An unbroken line of superb cars followed the introduction of the 356 in the '50s and '60s - not all came out of the Zuffenhausen factory - but many are now part of the museum collection.

These include:

  • The 356 in faster and better-equipped versions
  • The awesomely fast little four-cam engined 550 Spyder in 1955 (the model James Dean was killed in)
  • The Type 718 RS 60 Spyder of 1959/60 that won the Targa Florio and at Sebring
  • The Type 787 Formula 11 racer of 1960 and the Type 804 Formula 1 car of 1962
  • the 911 sports cars that went into production in 1964 and also that year the amazing 904 Carrera GTS Coupe, another Le Man class winner
  • The sleek 908s of later in the decade
  • The VW-based 914 sports car of 1969
  • The 917s that gave Porsche its first outright win at Le Mans in 1970

Canadian racing fans were thrilled by the turbocharged 917 Spyder in the early '70s, later versions of which produced 1,100 hp in race trim and 1,500 hp for qualifying and were awesome machines in the hands of George Follmer and Mark Donohue.

The 911 has carried Porsche's name to fame on the street and the track with a wide range of models that include the 1973 911 Carrera RS 2.7. The Carrera name is attached only to exception models and the RS was all of that. Its 201 hp doesn't sound like much today, but was a sensation then.

The 911 Turbo of 1974 was another sensational road car of the period. In 1978, Porsche went rallying with the 911 SC Coupe "Safari" taking on the East Africa Safari Rally. Success eluded the company but the car looked great.

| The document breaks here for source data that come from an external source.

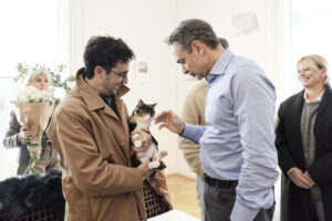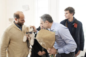 Έλληνες πολίτες που επαναπατρίστηκαν από τη Μέση Ανατολή μαζί με τα ζώα συντροφιάς τους, μέσω της ειδικής πτήσης που οργάνωσε το Υπουργείο Εξωτερικών σε συνεργασία με την Aegean, υποδέχτηκε σήμερα ο Πρωθυπουργός Κυριάκος Μητσοτάκης στο Μέγαρο Μαξίμου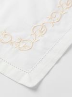 Elegant and sophisticated, bring a sense of occasion to any meal with Grace Selah Gold Embroidered Napkins. Made from 100% cotton, these classic fabric napkins feature a border with cut-out detail and a beautiful gold satin stitch embroidered edge. Combine it with the matching tablecloth for a cohesive table setting.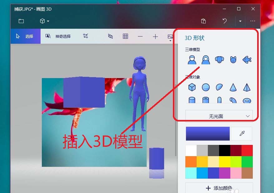 10、圖片調(diào)整后,對3D模型進行擺放,一個圖片作為背景的3D模型圖片就繪制完成了。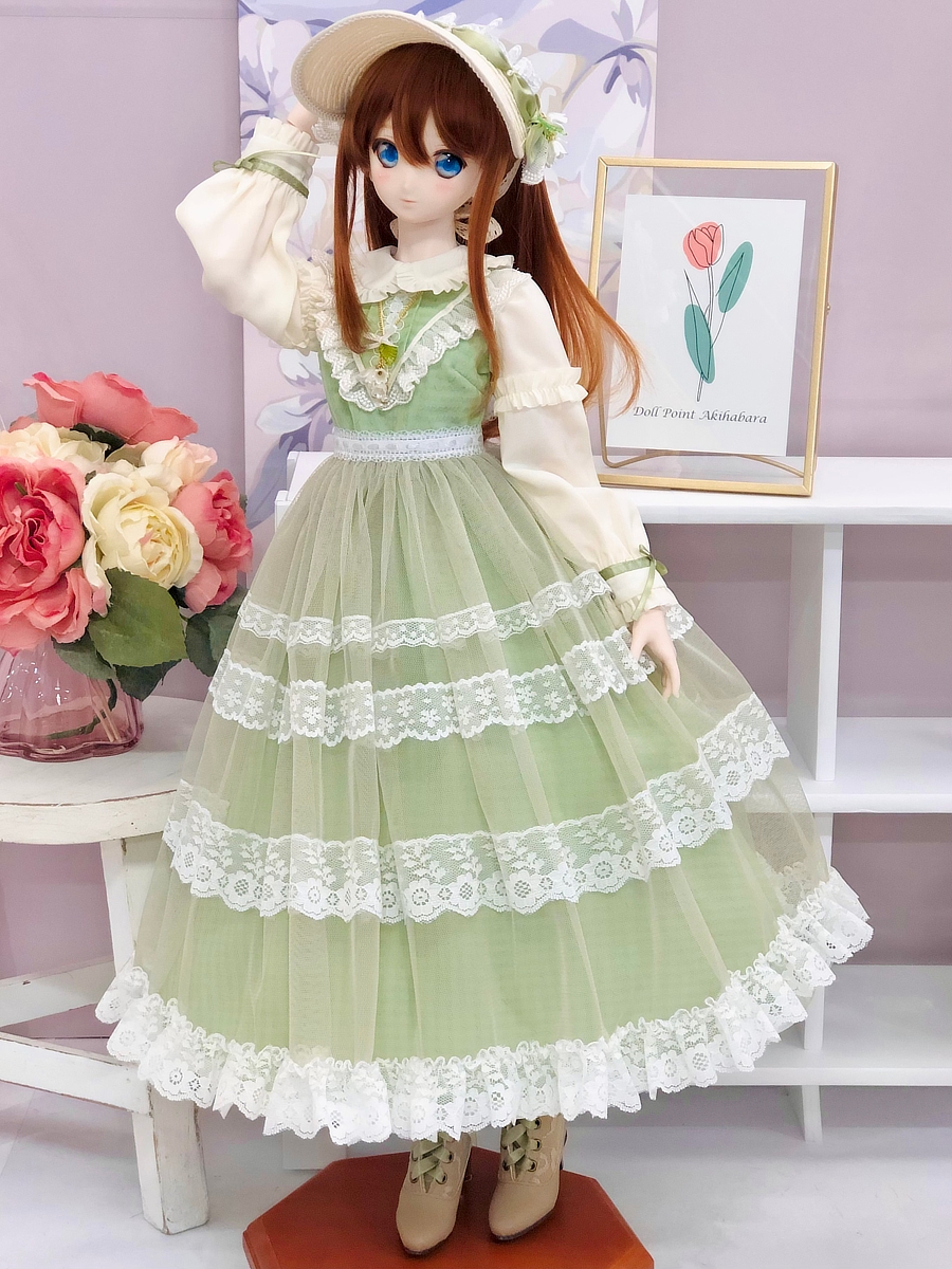 大きな葉を想わせる落ち着いたグリーンに、小さく慎ましやかに咲くすずらんのお花がネックレスやストリーボンネットにあしらわれています。レースとチュールたっぷりのオーバースカートとストロー素材のボンネットに、別売りの「チュールブーケパニエ」をあわせればクラシカルで華やかな印象のドレスとして。また、ワンピースのみで着用するとすこしカジュアルな印象にかわり、気分やシチュエーションで変化を楽しむことができますよ♪

In 1977, Porsche broke with tradition by introducing the front-engined 928 with its V-8 and luxury level trim. This was followed in 1981 by the four-cylinder front-engined 944, and in 1982, the open-topped 911 SC Cabriolet. In 1984, Porsche won the first of its three F1 victories with the TAG-Turbo motor.

More 911 variants continued through the '90s and today Porsche, after more than 60 years, remains one of the most sought after sports cars in the world.

A look back at a timeless sports car company as it celebrates 60 years since its first production vehicle.